In the end, all these matters have to be paid for. There is only so much money that can be extracted from a particular housing development. It is therefore at the discretion of local authorities to decide the balance of 106, the cost to them of adopting measures, and where and when maintenance should fall on residents rather than on the local authority.
It should always be clear to potential purchasers what the arrangements are for the upkeep of open space and the maintenance of roads. However, we do not think that requiring local authorities to adopt all communal facilities on new developments is the right approach. It removes local flexibility and, in our view, sends the wrong message to developers about their responsibilities.
I do agree with the hon. Member for Bishop Auckland regarding redress. Consumers must have effective ways to get things put right when they have a problem with their housing.

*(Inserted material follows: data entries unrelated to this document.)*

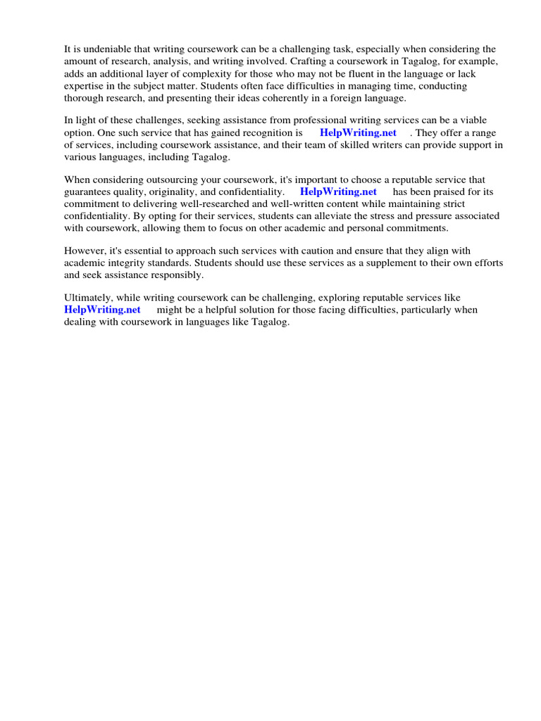 amount of research, analysis, and writing involved. Crafting a coursework in Tagalog, for example,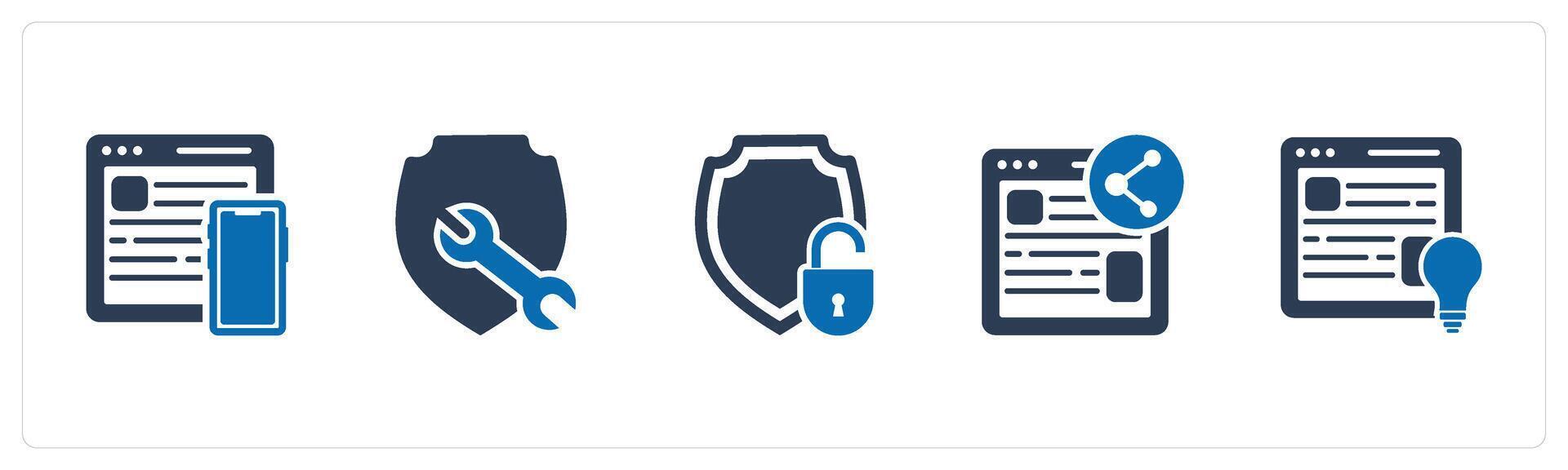 A set of 5 Internet icons as responsive, shield maintenance, security Pro Vector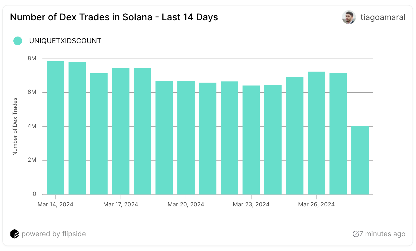 Um evento notável foi o volume diário sem precedentes de transações de exchanges descentralizadas (DEX), atingindo um pico de 7,86 milhões no dia 14 de março, estabelecendo um novo recorde. A partir do dia 14 de março, por exemplo, o volume de transações nas DEXs da Solana excedeu consistentemente 6 milhões de transações diárias, um forte contraste com o período anterior a dezembro de 2023, quando os volumes de transações diárias atingiram o pico de 2,2 milhões.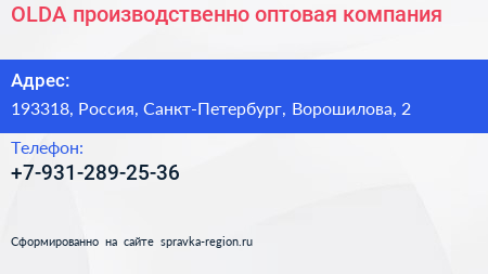 OLDA, производственно-оптовая компания по адресу 193318, Россия, Санкт-Петербург, Ворошилова, 2 в дальнейшем Организация, размещена в следующих категориях: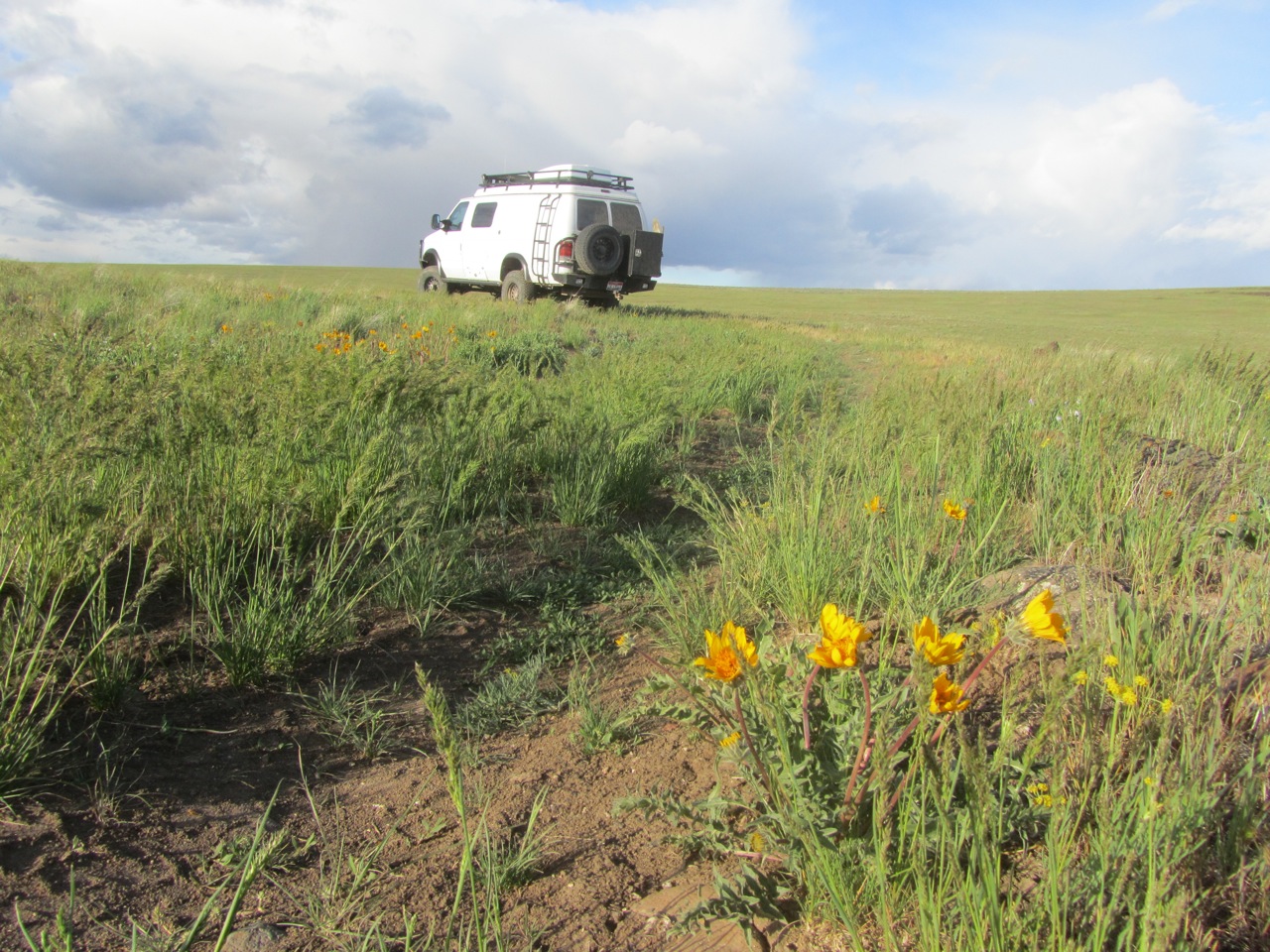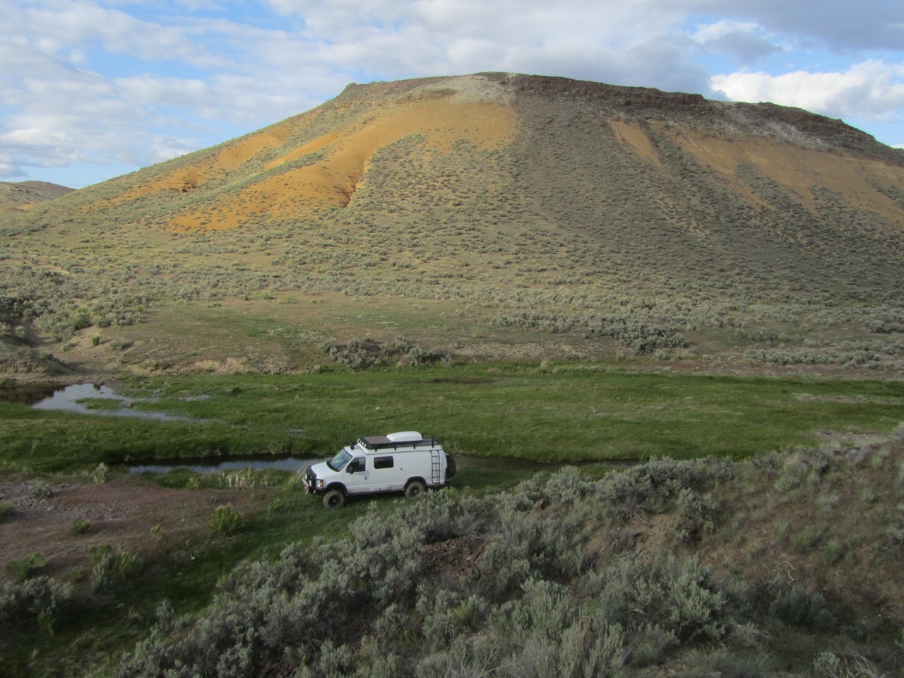 Darkness came after many more miles of rocky road. But the beauty of Moby is that “home is where you park it”. I found a flat spot and called it a night.

That is why we are committed to legislate, so that freeholders have a right to challenge the reasonableness of any maintenance charges for which they are liable. That is why we will establish a new homes ombudsman to protect the interests of homebuyers and hold developers to account when things go wrong.
The hon. Member for Croydon Central asked four specific questions. First, I am certainly willing to consider the suggestion to use Help to Buy as a lever to improve standards. Secondly, on mis-selling, it is open to any hon. Member to make a reference to the regulatory authorities, whether that be the FCA or the Senior Salaries Review Body. Is the hon. Member for Bishop Auckland still on the Treasury Committee?
Well, the hon. Lady knows the FCA well, so if she wants to make a reference, then by all means she should. She asked me about the legislative timetable. Our aspiration is for some time in the next 12 months. The terms of reference have not been decided for Lord Best’s review of leasehold and whether those lessons could be transferred across the field. We will certainly consider that suggestion as part of the process.
In conclusion, it is certainly the case that as a constituency MP I have experience of exactly the issues that have been raised, and I have been in discussion, shall we say, with the developers concerned in my own constituency, so I am well aware of the issues that have been aired this afternoon. I am grateful to the hon. Lady for bringing such focus to the matter. I assure her that we will take action as soon as we can.